#### INFORMATION PROVIDED

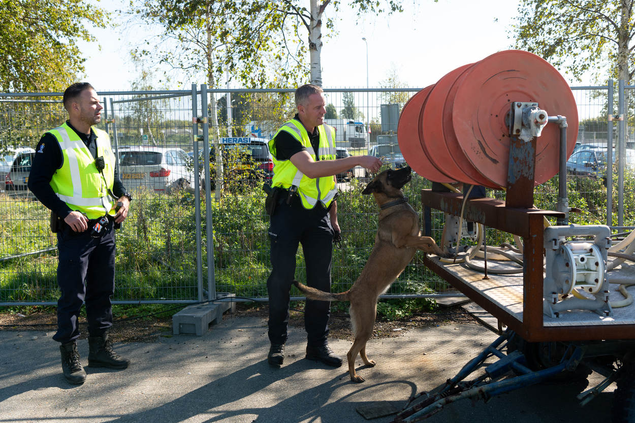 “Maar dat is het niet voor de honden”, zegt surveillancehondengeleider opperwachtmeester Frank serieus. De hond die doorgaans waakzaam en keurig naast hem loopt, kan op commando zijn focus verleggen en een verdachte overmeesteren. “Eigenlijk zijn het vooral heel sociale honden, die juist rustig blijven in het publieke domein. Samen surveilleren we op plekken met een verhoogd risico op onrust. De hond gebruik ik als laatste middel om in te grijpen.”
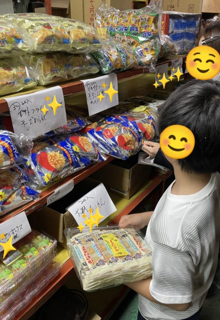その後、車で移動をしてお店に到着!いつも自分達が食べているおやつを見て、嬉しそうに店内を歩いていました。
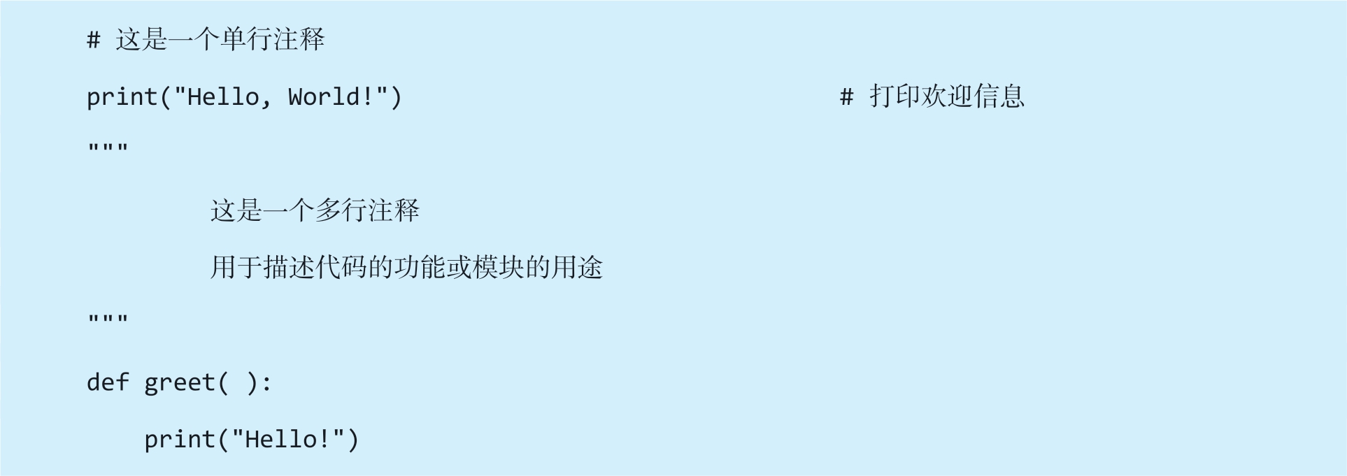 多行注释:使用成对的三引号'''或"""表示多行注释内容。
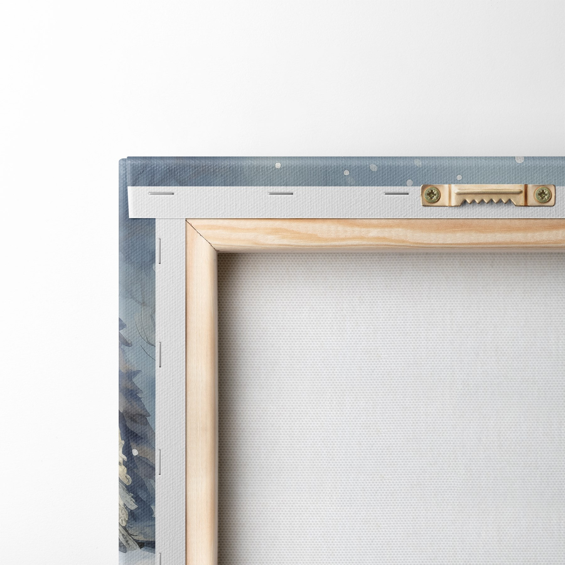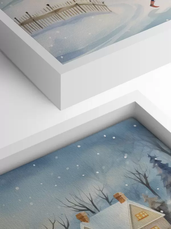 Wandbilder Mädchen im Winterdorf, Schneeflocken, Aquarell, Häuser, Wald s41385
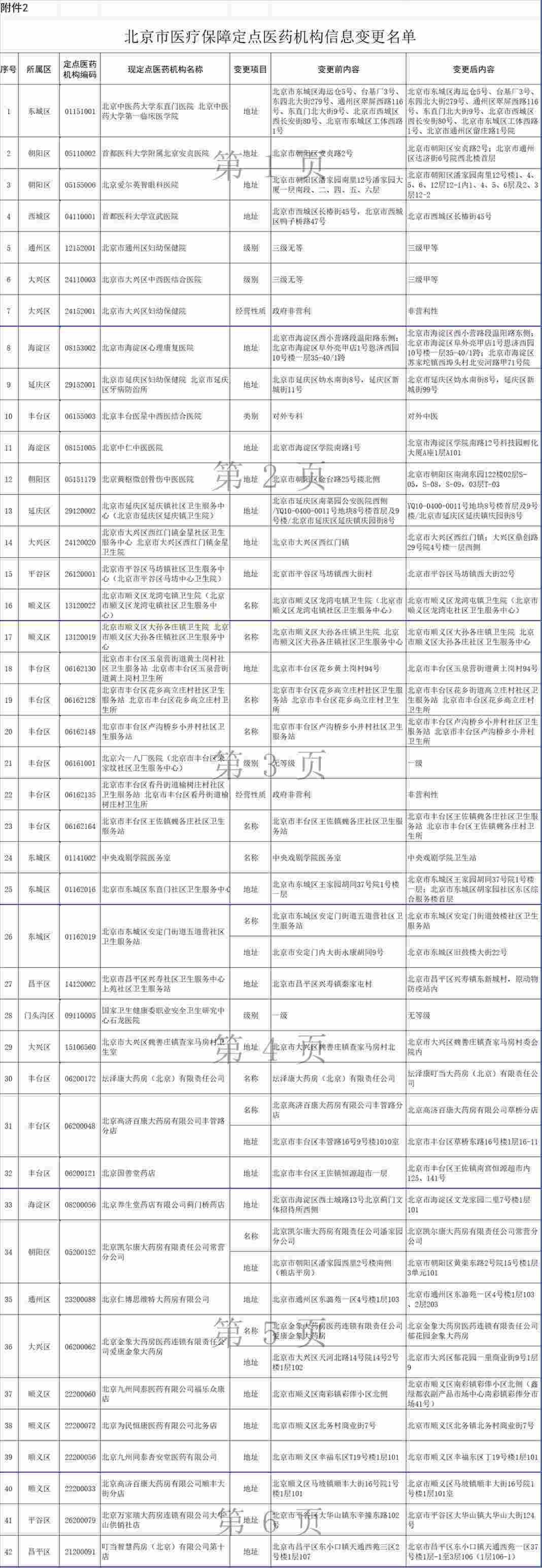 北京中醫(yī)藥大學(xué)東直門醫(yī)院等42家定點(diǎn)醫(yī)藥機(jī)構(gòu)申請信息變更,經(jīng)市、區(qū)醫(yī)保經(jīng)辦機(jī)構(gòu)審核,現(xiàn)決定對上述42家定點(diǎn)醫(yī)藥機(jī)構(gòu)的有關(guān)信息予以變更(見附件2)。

########

EXERCISE AIM:
Retype the data above verbatim, minus images.

WRITTEN SOLUTION:
 “Maar dat is het niet voor de honden”, zegt surveillancehondengeleider opperwachtmeester Frank serieus. De hond die doorgaans waakzaam en keurig naast hem loopt, kan op commando zijn focus verleggen en een verdachte overmeesteren. “Eigenlijk zijn het vooral heel sociale honden, die juist rustig blijven in het publieke domein. Samen surveilleren we op plekken met een verhoogd risico op onrust. De hond gebruik ik als laatste middel om in te grijpen.”
その後、車で移動をしてお店に到着!いつも自分達が食べているおやつを見て、嬉しそうに店内を歩いていました。
 多行注释:使用成对的三引号'''或"""表示多行注释内容。
 Wandbilder Mädchen im Winterdorf, Schneeflocken, Aquarell, Häuser, Wald s41385
 北京中醫(yī)藥大學(xué)東直門醫(yī)院等42家定點(diǎn)醫(yī)藥機(jī)構(gòu)申請信息變更,經(jīng)市、區(qū)醫(yī)保經(jīng)辦機(jī)構(gòu)審核,現(xiàn)決定對上述42家定點(diǎn)醫(yī)藥機(jī)構(gòu)的有關(guān)信息予以變更(見附件2)。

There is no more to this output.